Instructions for the task: From the entries below, reproduce exactly the lines from the one with "I had to go" through the one with "миру и России.", both included, without images.

Task data:
##############################

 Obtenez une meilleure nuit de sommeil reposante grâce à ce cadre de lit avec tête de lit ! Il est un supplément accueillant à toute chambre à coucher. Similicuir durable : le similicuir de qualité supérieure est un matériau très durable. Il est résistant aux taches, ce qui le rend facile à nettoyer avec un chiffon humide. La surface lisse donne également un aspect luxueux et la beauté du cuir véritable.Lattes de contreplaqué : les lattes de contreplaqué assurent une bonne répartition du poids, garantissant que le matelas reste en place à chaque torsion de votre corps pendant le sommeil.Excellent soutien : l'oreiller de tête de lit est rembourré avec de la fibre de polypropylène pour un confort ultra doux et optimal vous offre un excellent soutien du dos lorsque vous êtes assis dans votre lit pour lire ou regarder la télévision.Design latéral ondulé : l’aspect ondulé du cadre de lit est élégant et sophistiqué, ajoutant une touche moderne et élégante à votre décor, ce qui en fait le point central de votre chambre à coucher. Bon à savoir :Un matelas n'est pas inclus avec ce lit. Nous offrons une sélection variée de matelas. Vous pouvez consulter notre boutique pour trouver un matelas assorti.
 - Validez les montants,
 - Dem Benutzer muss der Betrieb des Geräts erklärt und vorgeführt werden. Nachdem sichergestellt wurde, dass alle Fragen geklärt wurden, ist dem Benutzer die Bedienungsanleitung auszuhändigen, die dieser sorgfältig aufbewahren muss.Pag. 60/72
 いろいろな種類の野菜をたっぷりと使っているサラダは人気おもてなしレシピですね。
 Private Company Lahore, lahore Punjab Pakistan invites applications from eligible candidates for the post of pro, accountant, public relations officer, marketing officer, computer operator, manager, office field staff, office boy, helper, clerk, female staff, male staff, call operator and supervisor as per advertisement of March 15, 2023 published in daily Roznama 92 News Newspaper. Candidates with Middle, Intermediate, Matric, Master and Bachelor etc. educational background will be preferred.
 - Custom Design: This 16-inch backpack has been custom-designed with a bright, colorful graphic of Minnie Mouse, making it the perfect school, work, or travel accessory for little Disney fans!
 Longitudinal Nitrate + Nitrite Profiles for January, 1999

##############################

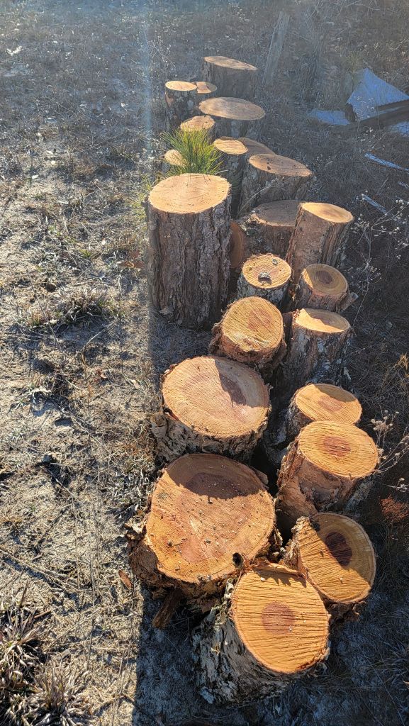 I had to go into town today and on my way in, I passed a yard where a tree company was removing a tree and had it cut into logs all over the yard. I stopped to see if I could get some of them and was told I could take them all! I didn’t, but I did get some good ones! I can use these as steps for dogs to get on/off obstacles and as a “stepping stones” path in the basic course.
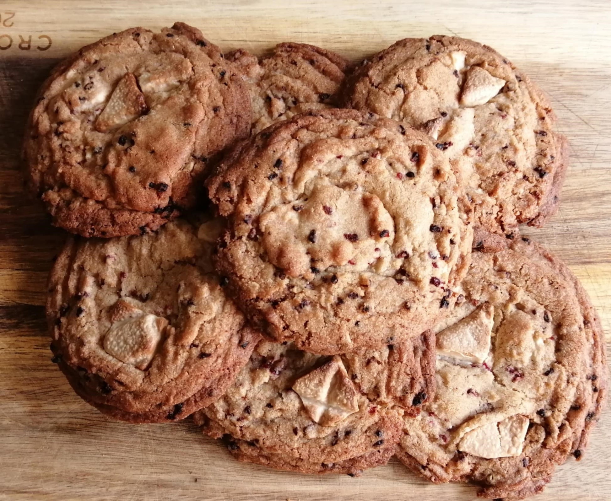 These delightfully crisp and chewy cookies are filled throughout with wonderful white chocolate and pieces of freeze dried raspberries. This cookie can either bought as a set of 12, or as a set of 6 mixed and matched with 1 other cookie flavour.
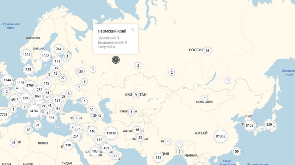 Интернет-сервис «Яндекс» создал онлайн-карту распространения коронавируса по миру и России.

##############################

Worked solution:
 I had to go into town today and on my way in, I passed a yard where a tree company was removing a tree and had it cut into logs all over the yard. I stopped to see if I could get some of them and was told I could take them all! I didn’t, but I did get some good ones! I can use these as steps for dogs to get on/off obstacles and as a “stepping stones” path in the basic course.
 These delightfully crisp and chewy cookies are filled throughout with wonderful white chocolate and pieces of freeze dried raspberries. This cookie can either bought as a set of 12, or as a set of 6 mixed and matched with 1 other cookie flavour.
 Интернет-сервис «Яндекс» создал онлайн-карту распространения коронавируса по миру и России.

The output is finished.